## The task:
Word for word, copy all the data and drop the pictures.

## Raw data:
--- START ---

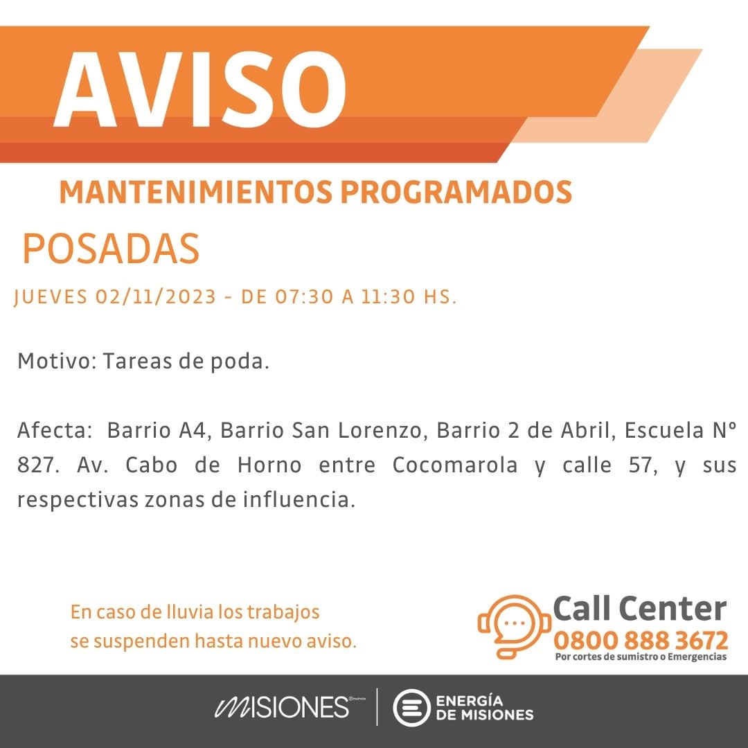 De acuerdo a lo informado por la empresa, desde las 7.30 hasta las 11.30, habrá afectación del servicio de energía eléctrica debido a trabajos de poda y cambios de postes de madera a hormigón.
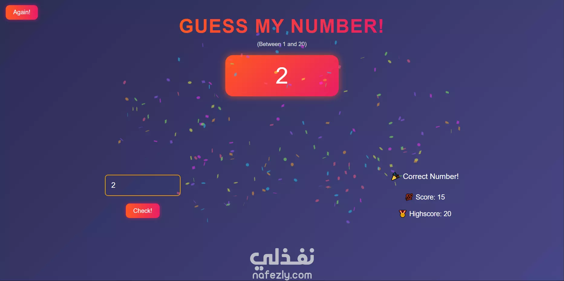 يقوم الحاسوب باختيار رقم عشوائي بين 1 و 20، وعلى اللاعب محاولة تخمين هذا الرقم. عند إدخال رقم غير صحيح، يظهر تنبيه بأن الرقم أكبر أو أصغر من المطلوب مع إنقاص درجة من الرصيد. إذا وصل اللاعب للرقم الصحيح، تتغير الخلفية ويظهر احتفال ، كما يتم تسجيل أعلى نتيجة حققها اللاعب. إذا انتهت المحاولات يخسر اللاعب وتظهر رسالة بالخسارة. يمكن الضغط على زر Again لإعادة اللعبة من البداية.
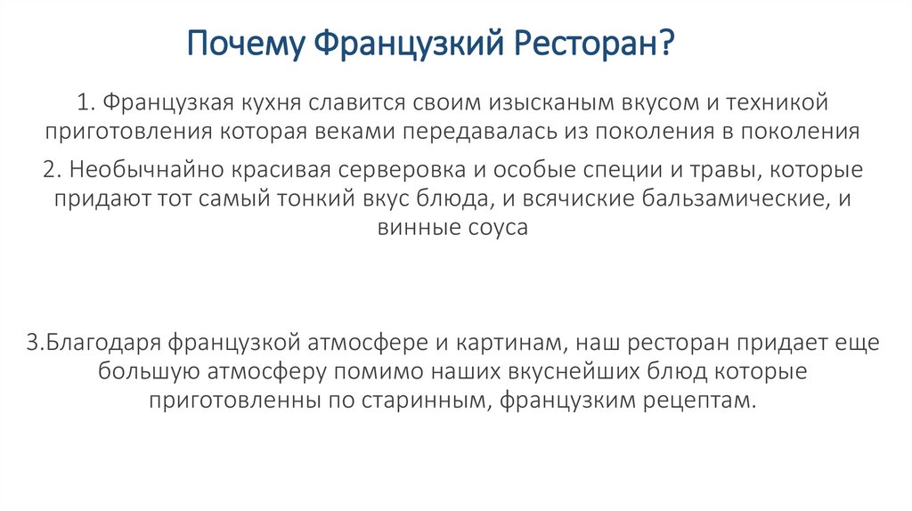 Почему Французкий Ресторан?1. Французкая кухня славится своим изысканым вкусом и техникой

--- END ---

## Task solution:
 De acuerdo a lo informado por la empresa, desde las 7.30 hasta las 11.30, habrá afectación del servicio de energía eléctrica debido a trabajos de poda y cambios de postes de madera a hormigón.
 يقوم الحاسوب باختيار رقم عشوائي بين 1 و 20، وعلى اللاعب محاولة تخمين هذا الرقم. عند إدخال رقم غير صحيح، يظهر تنبيه بأن الرقم أكبر أو أصغر من المطلوب مع إنقاص درجة من الرصيد. إذا وصل اللاعب للرقم الصحيح، تتغير الخلفية ويظهر احتفال ، كما يتم تسجيل أعلى نتيجة حققها اللاعب. إذا انتهت المحاولات يخسر اللاعب وتظهر رسالة بالخسارة. يمكن الضغط على زر Again لإعادة اللعبة من البداية.
 Почему Французкий Ресторан?1. Французкая кухня славится своим изысканым вкусом и техникой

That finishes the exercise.